Format matters less than completeness. A dated binder in the chem shed is fine. A digital file with a clear naming convention is fine. What counts is that the records are complete, legible, and signed by a real person on the actual inspection date.

Frequently asked questions

Does OSHA require a written log for eyewash station inspections, or just the inspections themselves?

ANSI Z358.1-2014, which OSHA treats as the compliance standard for 29 CFR 1910.151(c), requires weekly activation but doesn't spell out a written log in its text. OSHA enforcement practice, though, treats the absence of records as evidence the inspections never happened. A written log is the only practical way to prove compliance, so keep one.

Can a 5-gallon portable eyewash station meet OSHA requirements at a vineyard chem shed?

Probably not. ANSI Z358.1 requires at least 0.4 gallons per minute for 15 continuous minutes, which means a minimum of 6 gallons of usable water. A 5-gallon unit runs dry in about 12.5 minutes at that flow. Most inspectors and manufacturers push for a 9-gallon minimum, and a 16-gallon unit gives you a real margin.

How close does an eyewash station need to be to the chemical mixing area?

ANSI Z358.1 specifies the station must be reachable within 10 seconds of travel from the hazard, which works out to roughly 55 feet on a level, unobstructed path. No stairs, no locked doors, no obstacles between the work area and the station. If your chem shed is bigger than that, you may need two units.

What water temperature is required for an eyewash station?

ANSI Z358.1 specifies tepid water, defined as 60 to 100 degrees Fahrenheit. In a hot equipment shed in summer, a portable unit can easily blow past 100. If the water feels hot to your wrist, it's likely too warm and can worsen some chemical burns. Move the unit to shade, insulate the tank, or add a tempering valve on a plumbed unit.
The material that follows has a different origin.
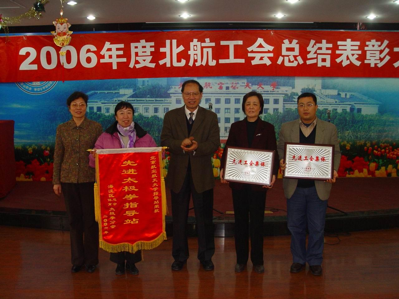 2007年1月23日,经管学院工会双喜临门:在思源楼召开的2006年度北航工会总结表彰大会上,bat365官网工会作为北航推选出的唯一基层工会代表,获得了北京市教育工会颁布的“先进工会集体”荣誉;同时,bat365官网工会还正式通过了学校评审、获得北航“模范教职工之家”荣誉称号。在这次评审会上,经管学院工会同时还获得了“2006年度工会活动组织一等奖”和“2006年度工会各项竞赛活动第八名”两个奖牌以及“2006年度工会工作创新奖”和“2006年度工会宣传工作先进单位”两张奖状;短短两个小时的表彰会上,七次派代表上台领奖,取得了多年来最丰硕的成果。北航校长李未和北航工会主席纪素菊为获奖单位颁奖;经管学院党总支李清书记、工会主席高志红老师及院工会全体委员参加了表彰大会。
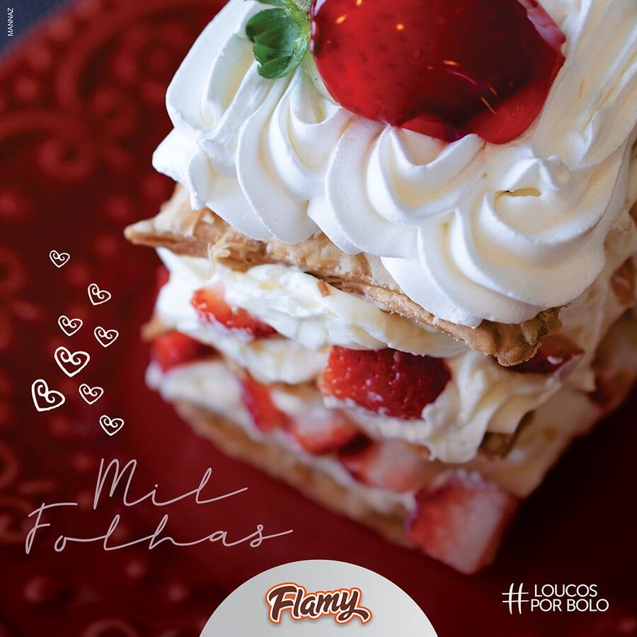 Com camadas crocantes e cremosas de massa folhada e intercaladas com um suave creme Ninho, morangos e avela.

Does EPA's Worker Protection Standard require an eyewash station specifically, or just water?

The WPS at 40 CFR Part 170 requires at least one gallon of water per worker for eye flushing at pesticide handling areas, plus additional decontamination water. It doesn't require a formal ANSI-compliant eyewash unit for field situations, but a fixed pesticide storage area needs one. OSHA's 29 CFR 1910.151(c) covers that fixed-station requirement.

How often should the water in a portable eyewash station be changed?

Most manufacturers specify weekly water changes for portable gravity-fed units. If you add an antimicrobial additive (some manufacturers supply one; follow their instructions exactly), some units stretch to bi-weekly or monthly. Check your unit's manual for the interval. Water that looks cloudy, smells off, or shows sediment gets changed right away, schedule or no schedule.

What happens if a vineyard worker is injured and the eyewash log is missing or incomplete?

In a workers' compensation or civil liability case, a missing log makes it much harder to show the station was working and reachable. Courts and regulators can read absent documentation as evidence of absent safety practice. A complete, signed log showing the station was inspected and functional before the incident is a real factual defense for the employer.

Do small vineyards with fewer than 11 employees need to follow OSHA eyewash rules?

Small farms with fewer than 11 employees are exempt from OSHA programmed inspections, but EPA's Worker Protection Standard applies to all agricultural employers regardless of size once pesticides are in use. WPS requires decontamination water and equipment documentation. Most state DPR programs enforce WPS independent of farm size, so the practical requirement reaches nearly everyone.

What is the penalty for not having a working eyewash station at a pesticide storage area?

Under EPA WPS, civil penalties for serious violations can reach $10,654 per violation per day under current penalty policy. Repeat violations can double that. State penalties vary, and California DPR can assess administrative penalties for decontamination deficiencies on its own. Beyond fines, an employer with no working eyewash after an injury faces heavy civil liability.

Can I use a garden hose as an eyewash station in a vineyard chemical storage area?

A standard garden hose doesn't meet ANSI Z358.1 because it can't deliver a controlled tepid-water flow to both eyes at once at the specified rate. A hose can serve as supplemental decontamination water for body rinsing under WPS, but it's no substitute for a compliant eyewash station at a fixed chemical storage and mixing area.

What should go on an eyewash station inspection log for an annual inspection?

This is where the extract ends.